US puts limits on Wells Fargo as bankruptcy plan falls short
WASHINGTONDec 15, 2016 - 12:00 am GMT+3
Dec 15, 2016 12:00 am
U.S. banking regulators Wednesday said they are prohibiting Wells Fargo from opening new international branches until it fixes continuing deficiencies in its bankruptcy plan. The so-called "living will" is required of all large U.S. banks to ensure that in the event they need to declare bankruptcy, they can be dismantled in an orderly fashion without the kind of upheaval seen during the 2008 financial crisis, that endangers the broader financial system. The Federal Reserve and Federal Deposit Insurance Corporation ruled that Wells Fargo failed to provide a sufficient fix in two areas of its plan despite multiple tries. As a result, the bank will not be able to open any foreign branches, nor will it be able to acquire any non-bank subsidiaries, the agencies said. Wells Fargo, already suffering from a scandal over thousands of bogus accounts opened to boost its business, has until March 31 to submit a revised plan to fix the deficiencies identified in its living will.
If the bank fails to fix the plan to the satisfaction of regulators within two years, it may be required "to divest certain assets or operations to facilitate an orderly resolution of the firm in bankruptcy," the regulators said in a statement. In a statement, Wells Fargo said it was "disappointed" with the agencies' determination, but remained "committed to strengthening and enhancing its resolution planning processes."
"We believe we will be able to address the concerns raised today in the March 2017 revised submission," the bank said.
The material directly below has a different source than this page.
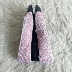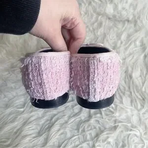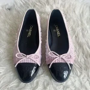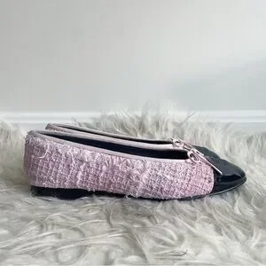 Chanel Pink Tweed Ballerina Flats Black Patent Leather Cap Toe CC Logo size 38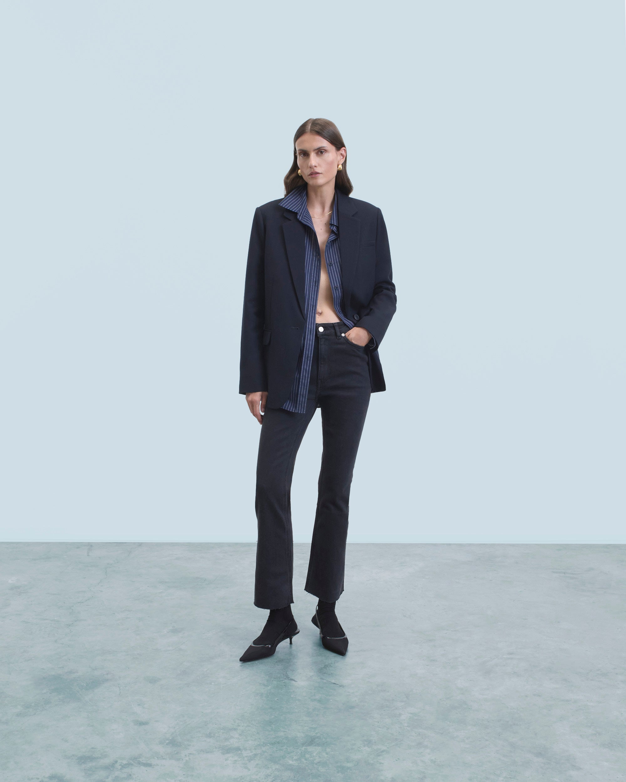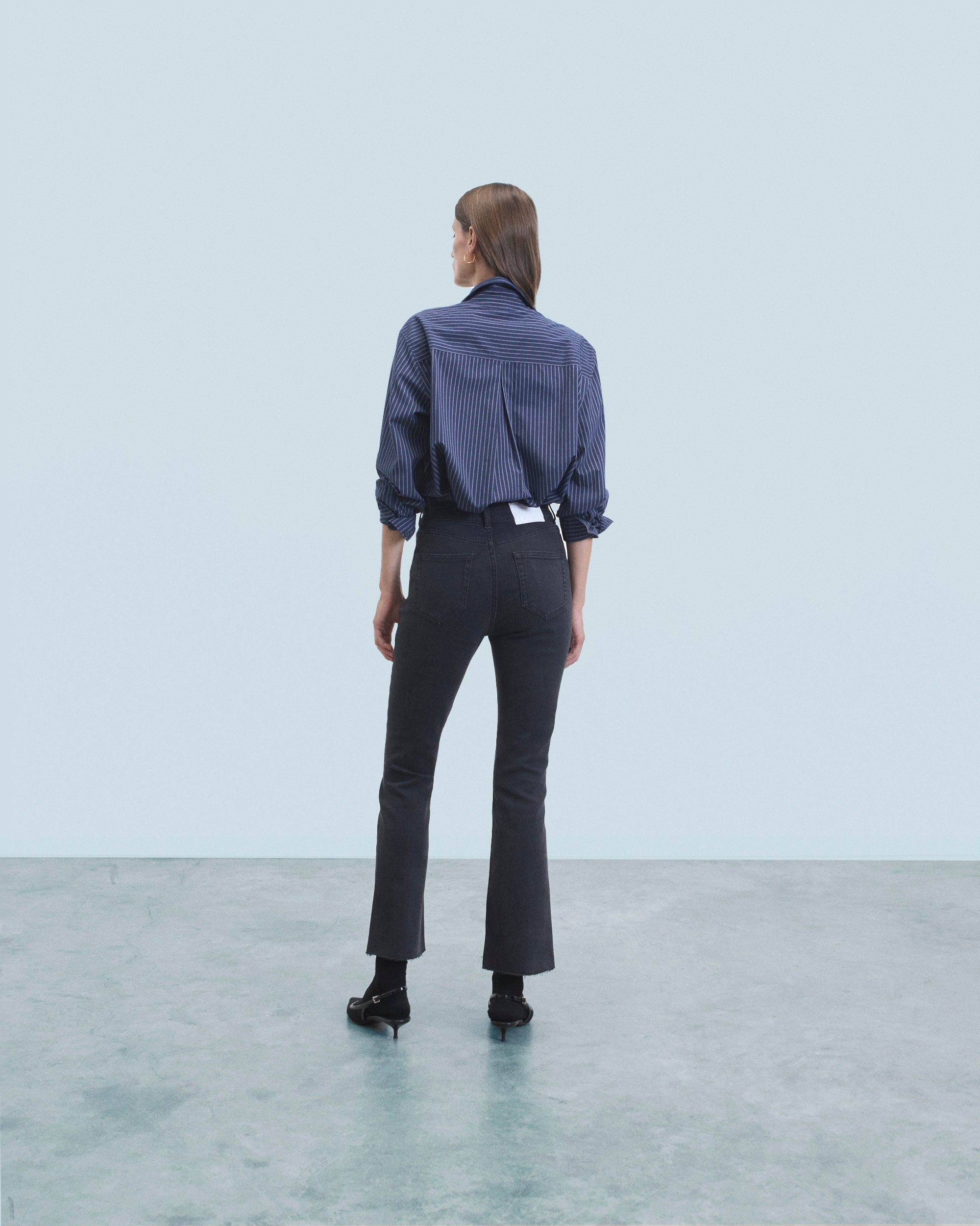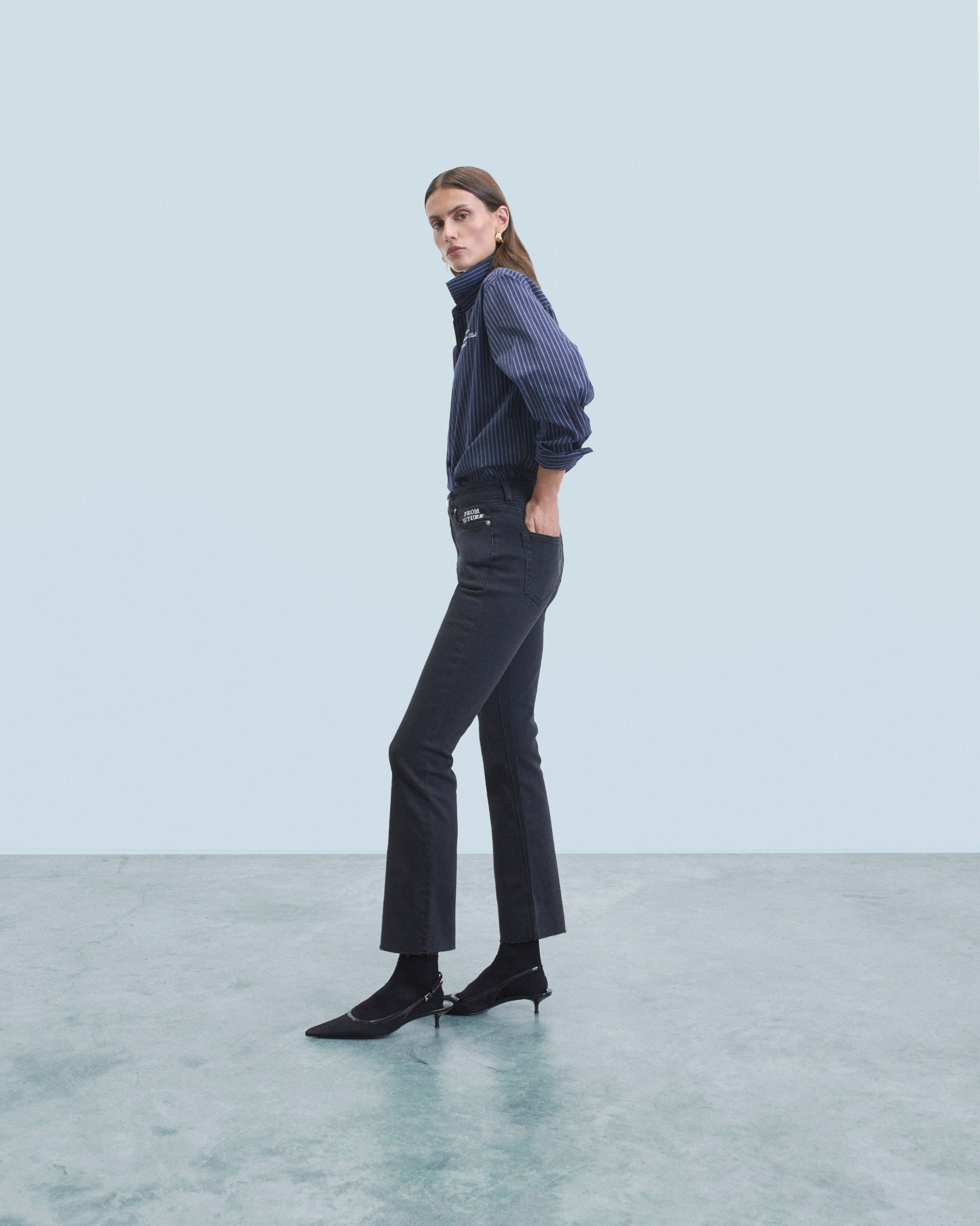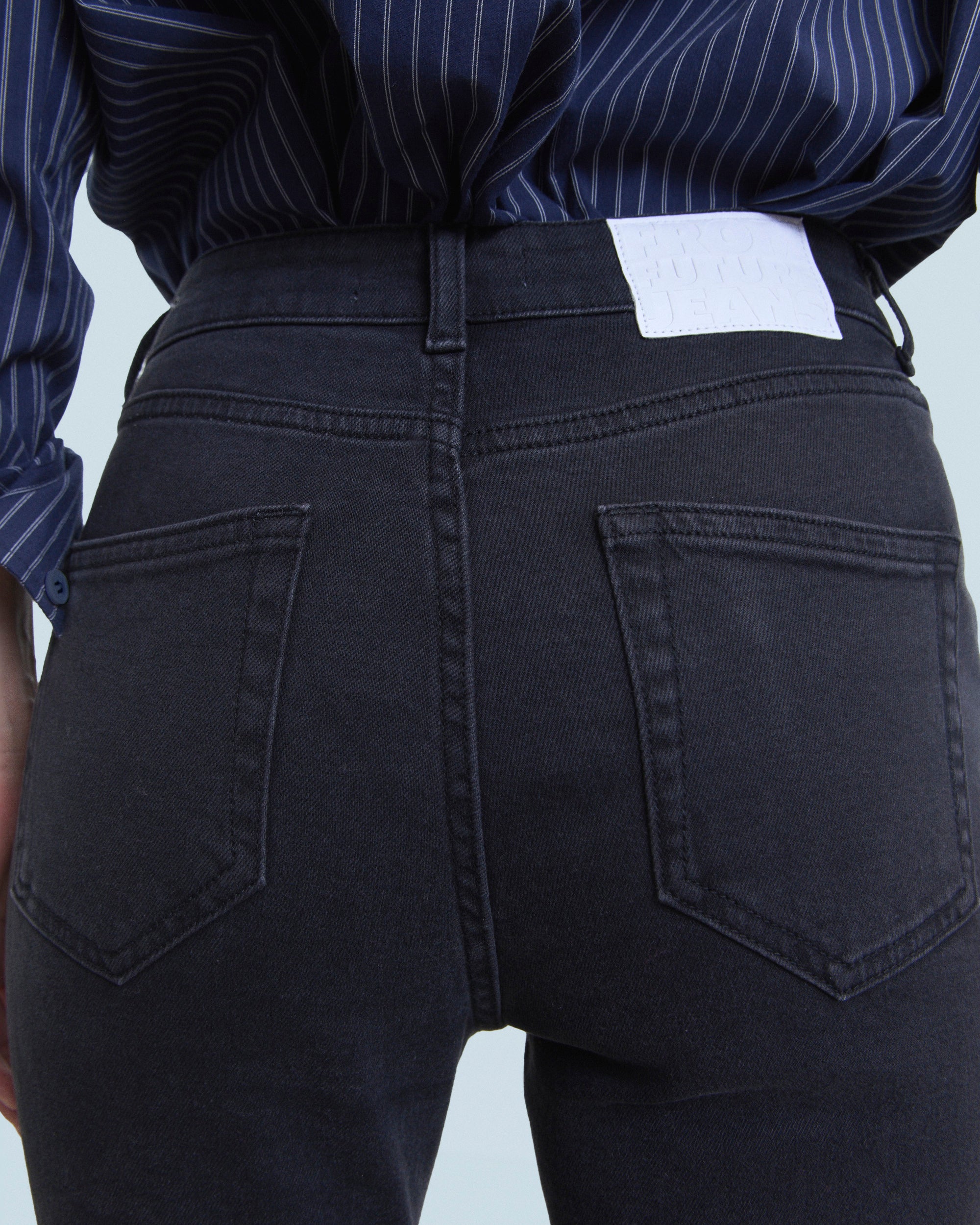 Meet Jude: the elegant bootcut with semi-hidden “From Future” embroidery detail on the left pocket. Length 7/8th. 5 pockets, high waist, metal button closure, straight leg hem. A good basic that you will wear all year round.

The agencies approved the resolution plans for four other large banks considered systemically important, including Bank of America and JPMorgan Chase. The plans under scrutiny were developed in 2015, but agency officials told reporters in a conference call all eight systemically important banks will need to submit new plans by July 1, 2017 to ensure their "orderly resolution" in the event of a failure. This group includes Goldman Sachs, Morgan Stanley and Citigroup. The criteria set in the Dodd-Frank banking reform law apply to bank holding companies with total assets of $50 billion or more, as well as some non-bank financial companies.